It was not much more than a week ago that I lamented Sasha’s slow toilet training, enumerating the many, many places she has managed to pee (e.g., on her bike seat, on a cafe chair) while marveling at the sole instance of her actually pissing in a toilet in front of me.
Well, much has changed since then, my friends, much has changed. For three afternoons after that first miraculous micturation, Sasha peed on the classroom potty before we went home. Wonderful, but still within the normal range of her behavior.
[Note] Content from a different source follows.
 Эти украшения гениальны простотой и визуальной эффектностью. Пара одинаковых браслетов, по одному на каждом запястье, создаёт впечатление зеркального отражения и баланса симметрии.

At the beginning of last week, however, I drove Sasha up to Connecticut for an extended stay with my parents, and almost immediately she began demanding to pee in the potty. And then, amazing to behold, she’d actually pee in said potty. Again and again this happened, as many as five or six times a day. Some were gushers, others were trickles, but all took place at her command (or, okay, occasionally, her assent). “Daddy, I need to peepee!” is a phrase often heard around this house. Once, when I was busy, I even instructed her to go find Grandpa for help, and she did so.
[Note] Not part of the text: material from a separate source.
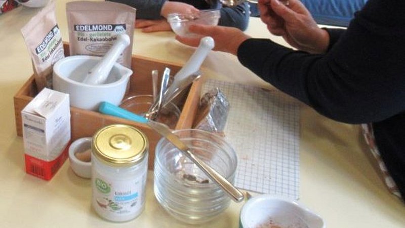 Den Begriff der Gerechtigkeit bei der Verteilung unterschiedlich großer Stücke Schokolade erfahren, eine Kakaobohne sehen/fühlen/riechen und zu Schokocreme verarbeiten, Schokodomino (der Weg von der Kakaobohne zur Schokolade), Wildbienenhaus und die Insekten auf der Blumenwiese beobachten.

It’s just fucking incredible, that’s my point. One day, not too long ago, she was like a wild retarded animal, befouling herself uncontrollably, and then, out of nowhere, she decided to civilize herself, to walk upright and pee sitting down. What happened in there? What mental switch was thrown? And why did everything else (peer pressure, parental pressure, teacher pressure) fail? (Or did it somehow really succeed?) How does this all happen?
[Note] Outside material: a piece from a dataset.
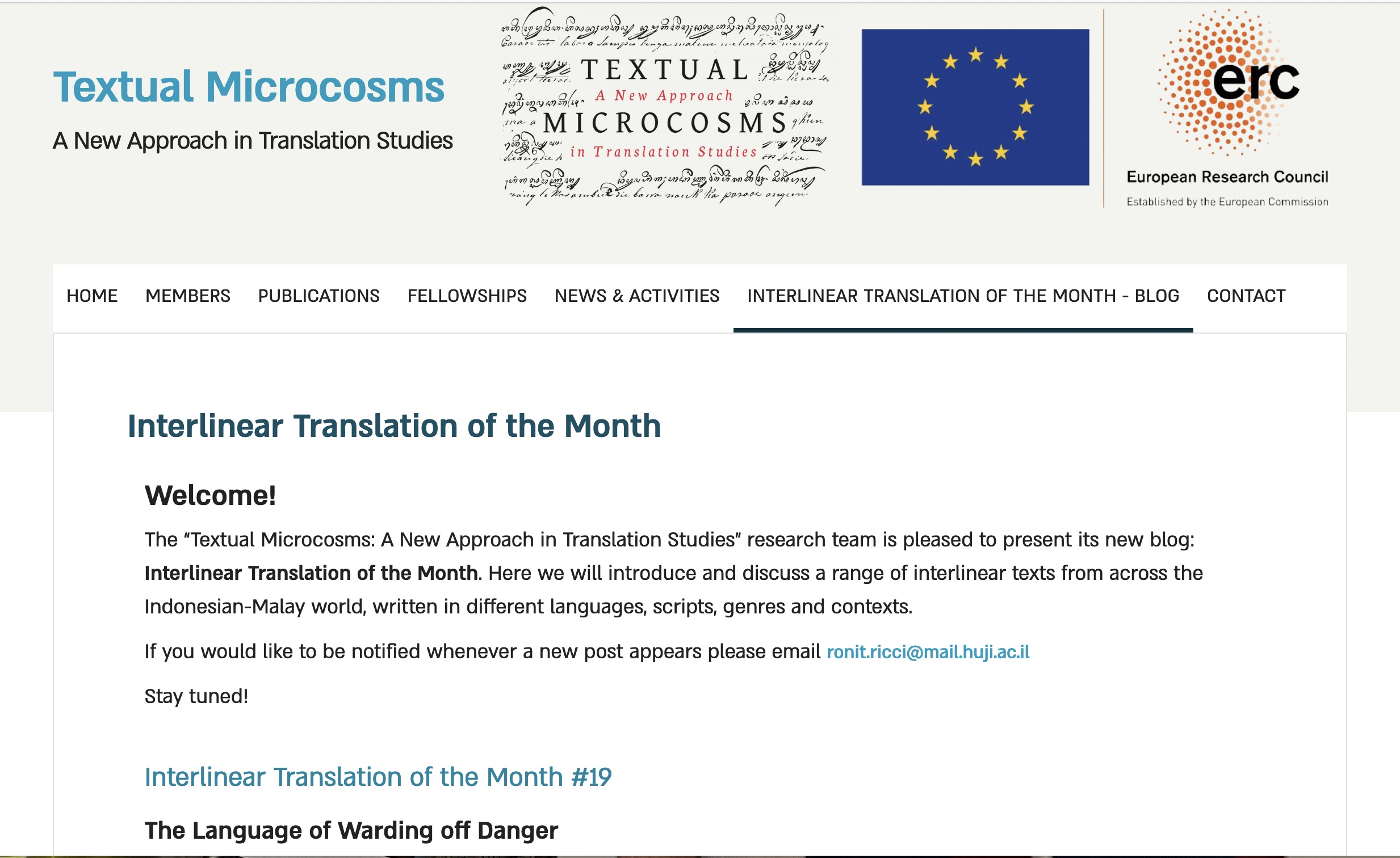 international conferences, workshops, and seminars, as well as local ones. We are working to publish the results of our research as journal articles and also on our monthly blog, “Interlinear Translation of the Month.”

Of course, there is a downside to this: Sasha has already learned that requesting assistance with the potty is a great way to get my attention. So, even when she doesn’t need to pee that bad, if she’s feeling neglected, either because I’m talking to a grown-up or cooking or blogging or something, she’ll demand a pointless trip to the toilet, where, after squeeze out a few drips, wipe up, and happily declare, “I pee awesome!” And though I can see through her charade, I have to admit: She’s right.